In some places, I've found mentions that the "USB specs require VBUS sensing". Looking at the USB 2.0 specification, I've found these:

  • Section 7.1.5.1: The voltage source on the pull-up resistor must be derived from or controlled by the power supplied on the USB cable such that when V BUS is removed, the pull-up resistor does not supply current on the data line to which it is attached.
  • Section 7.2.1: They may not provide power to the pull-up resistor on D+/D- unless V BUS is present (see Section 7.1.5). When V BUS is removed, the device must remove power from the D+/D- pull-up resistor within 10 seconds.

So, how does this work without VBUS sensing? Here's my hypothesis:

  • When you set NOVBUSSENS, VBUS is assumed to be always present. This means that whenever the USB module is enabled, the DP pullup is also enabled, even when no USB cable is attached or the USB host is powered down.
  • When you attach the cable, or power up the USB host, it will see the (already present) pullup and immediately reset the device and start enumerating the device. This is how the STM32 can detect that a host is present.
  • When you detach the cable or power down the host, this is not properly detected by the STM32. I suspect it will notice that lack of activity (no more SOF frames), but AFAIK this looks like a suspend, so I suspect the STM32 will throw a suspend event rather than an end session?
  • When later a cable is re-attached (while the STM32 thinks it is still suspended), this will not be detected by the STM32 until the host resets the device and starts enumeration. Does the STM32 handle this gracefully?
  • When the host is powered down (or otherwise removes VBUS), the DP pullup remains enabled, violating the USB specification and possibly allowing current to flow into the USB host through the pullup.
  • This post  (about a NXP-chip) suggests you could get spurious USB interrupts due to floating D+/D- pins, but since D+ is pulled up this should never cause a reset condition, so I guess this does not really apply (maybe some extra power usage due to a toggling D-)?

Summarizing, the downside of not having VBUS sensing is that you can violate the spec and leave pullups enabled when not allowed, and you cannot properly detect when a cable is removed?

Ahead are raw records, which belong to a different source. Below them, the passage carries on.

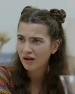 While staying with Daniel during half term, she sees netting hung across a tree in a car park and researches its purpose. When she discovers that they were hung in order to prevent birds from roosting there, she plans to cut them down with Daniel and Valerie. While there, the police arrive, and Valerie takes Izzie home while the police take Daniel into the station for questioning. Izzie worries that their actions have been caught on CCTV, but the owner of the car park declines to press charges. Izzie unexpectedly arrives at Daniel's house alongside best friend Taylor Davies (Giuseppe Graham) after her mother has kicked her out following a feud.[15] Izzie is disgusted with Daniel when he assumes that Taylor is a gay man, informing him that Taylor is genderfluid. Izzie herself comes out as pansexual and is surprised when Daniel accepts her sexuality.[16] She begins living with Daniel and Zara on a permanent basis and starts at the local school, but after online trolling and new boyfriend Lee Blackwell (Kieran Boon) cheating on her, she decides she wants to return to Lisa's house.[17]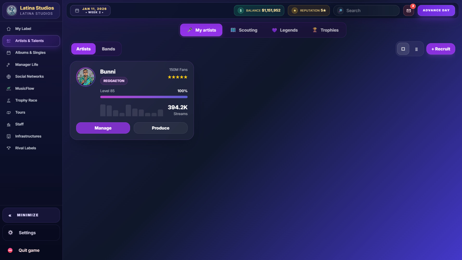 The game features a dynamic event system that affects both your artists and your label.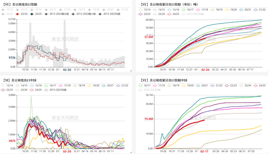 截至2月下旬,24/25美豆累计出口偏低
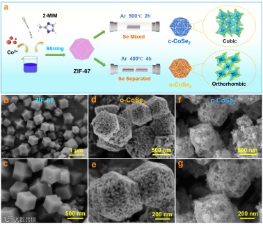 图1 (a) 合成过程示意图。(b, c) ZIF-67、(d, e) 正交相(o-CoSe2)和(f, g) 立方相(c-CoSe2)的SEM图像。

Can someone confirm that this is a correct understanding?

Then, I wonder how the bootloader works without VBUS sensing. I assume like above, but the flowchart in AN2606 (for the STM32F40xx in section 26.1.2) has a "USB cable Detected" check. If that cannot use VBUS sensing, then what does it detect exactly? Does it check whether the host has sent a reset/enumeration request? This happens before the clock is configured (according to the flowchart), so (I assume) no actual communication can happen to detect the cable (but it seems that a reset condition by the host is just 10ms of driving DP and DM low, which is probably more than enough time to be detected and initialize the clock?).

2 REPLIES 2

> Summarizing, the downside of not having VBUS sensing is that you can violate the spec and leave pullups enabled when not allowed, and you cannot properly detect when a cable is removed?

> Can someone confirm that this is a correct understanding?

Yes.

The history of USB is a history of standard violation from all sides (and a not very well thought out standard to start with).

While the Synopsys machine (the OTG IP in the 'F4) attempts to offload some of the protocol to hardware, most of it is handled in software anyway. So it's up to you how do you handle reset/suspend etc. events (unless you deem the example implementation provided by Cube/CubeMX as an unpenetreable and perfect black box).

JW

Matthijs Kooijman
Associate III

Thanks. In that case I guess I'm going to connect VBUS after all, so I can detect cable presence while in my application. When running the ROM bootloader, this might cause a USB spec violation, but that should be rare and not really problematic, so that seems acceptable.